La Rule 7.4 elenca le modalità di comunicazione dei settori di pratica e delle specializzazioni dell'avvocato.
La regola che segue affronta il tema della spendita del nome: questo non deve violare quanto regolamentato dalla Rule 7.1 e non deve lasciare intendere che vi siano connessioni con enti governativi o pubblici o di beneficienza. Il nome di uno studio legale che esercità in più giuridizioni può mantenere lo stesso nome, ma devono essere precisati i nomi di quegli avvocati che non hanno la licenza per poter esercitare nella giuridizione dove lo studio ha la sede.
Se un avvocato ricopre una carica pubblica, il suo nome non può essere usato da uno studio legale se l'attività forense dell'avvocato non è attiva e regolare per un lasso sostanziale di tempo.
L'articolo conclusivo impone agli avvocati (o agli studi legali) di non accettare cariche governativi o impieghi da giudice se lo stesso avvocato (o lo studio) ha dato un contributo politico o ha sollecitato contributi politici con lo scopo di ottenere o di essere considerato per quel tipo di carica o di impiego: in sintesi, una norma che in Italia non vedrà mai la luce.
Conclusioni
Questo lavoro di tesi ha cercato di mettere in luce un connotato multiforme della professione forense, quale è la pubblicità informativa.
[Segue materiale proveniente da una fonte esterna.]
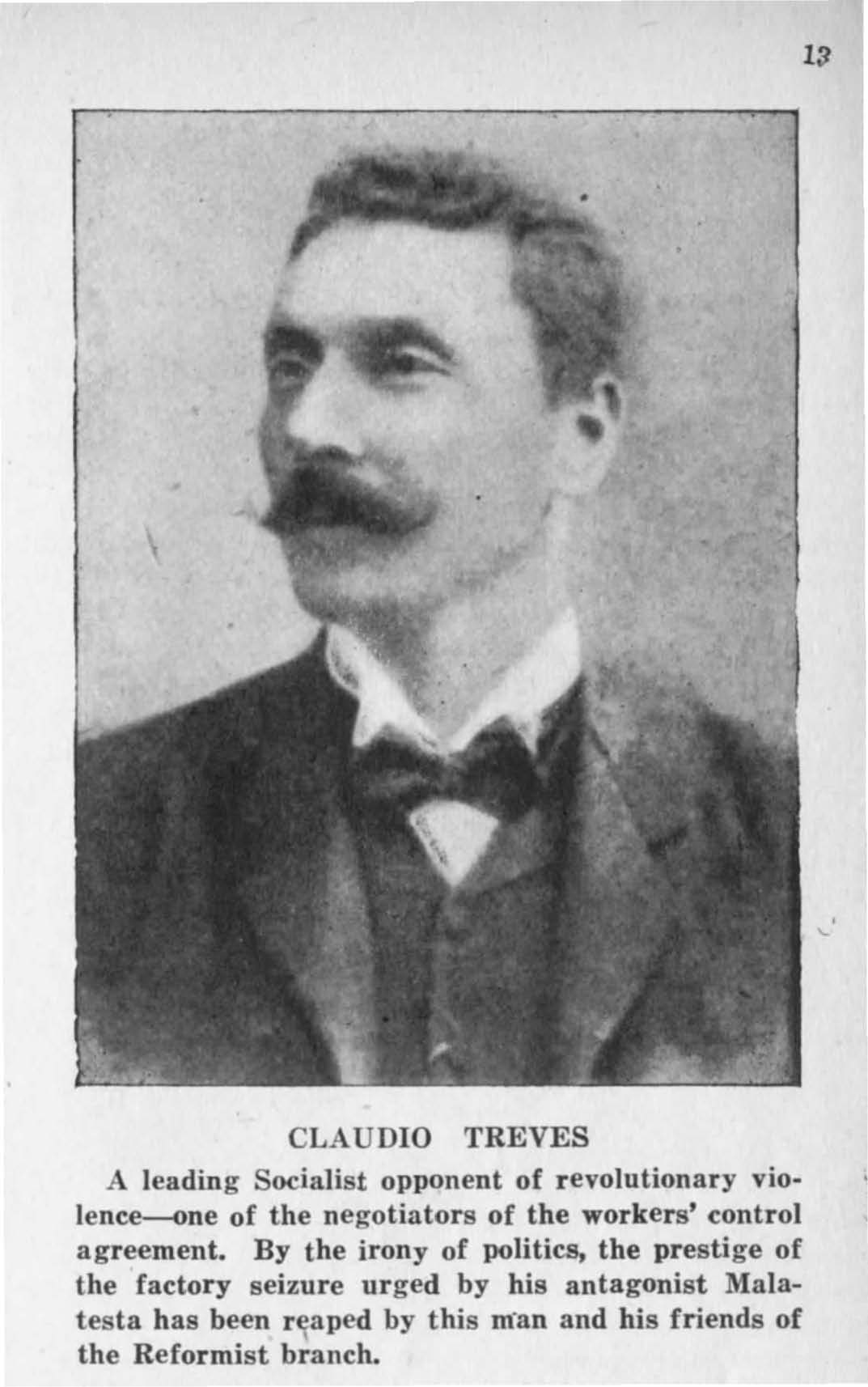 “The Central Technical Committee asks all the local branches of the Fiom (Metalworkers Union) to come to an understanding with the local branches of the technical and administrative employees and with the technical bosses as individuals where these are not organized, to form a technical and administrative commission to provide for the co-ordination of production and efforts, and for the solution of eventual differences which may arise between the directing element and the workers now in the factories.

Prendendo le mosse dalla figura autorevole e piena di prestigio dell'avvocato, lo studio si è focalizzato sulle norme etiche che ne contraddistinguono l'Ordine, dagli inizi alla più recente modifica del codice deontologico.
Servendomi degli scritti di autorevole dottrina, ho tentato di mettere a fuoco l'aspetto centrale (quello pubblicitario) di questa mia indagine conoscitiva, mettendo in risalto i cambiamenti nonché i passi avanti susseguitesi nel tempo, dal divieto in materia presente nel primo Codice datato 1997 alla parziale liberalizzazione dei giorni nostri. Ho provato ad analizzare ogni dettaglio della pratica pubblicitaria, cercando di inquadrare i precisi confini del consentito e di offrie una visione articolata laddove la norma manca di concretezza e specificità, facendo appello, qualora ce ne sia stato bisogno, alla giurisprudenza
del Consiglio Nazionale Forense e a quella ordinaria.
Da lì l'attenzione si è spostata sugli ordinamenti esteri, mettendo in risalto le svolte storiche che hanno consentito una disciplina
normativa positiva nonché la regolamentazione vigente,
evidenziandone, non appena riscontrate, le differenze salienti con la nostra, senza tralasciare quei paesi dove l'informazione pubblicitaria è ancora ferma all'anno 0 (vedi il caso turco).
Fino ad approdare là dove tutto ha avuto origine (gli U.S.A.), confermando e smentendo allo stesso tempo tutti quelli che erano i miei preconcetti in merito, rilevando che il legal marketing proiettatoci dai mass media e dall'immaginario collettivo esiste veramente, ma che ad avvalersene è solo una minima percentuale degli avvocati, quella fetta della torta che ancora un nome non ce l'ha (e ritorniamo alla reputazione tanto cara ad Hazard e Dondi) e che per
venire fuori si trova costretta a fare réclame tramite un cartellone, un opuscolo o uno sketch televisivo. E sì, la maggior parte di loro sono neolaureati.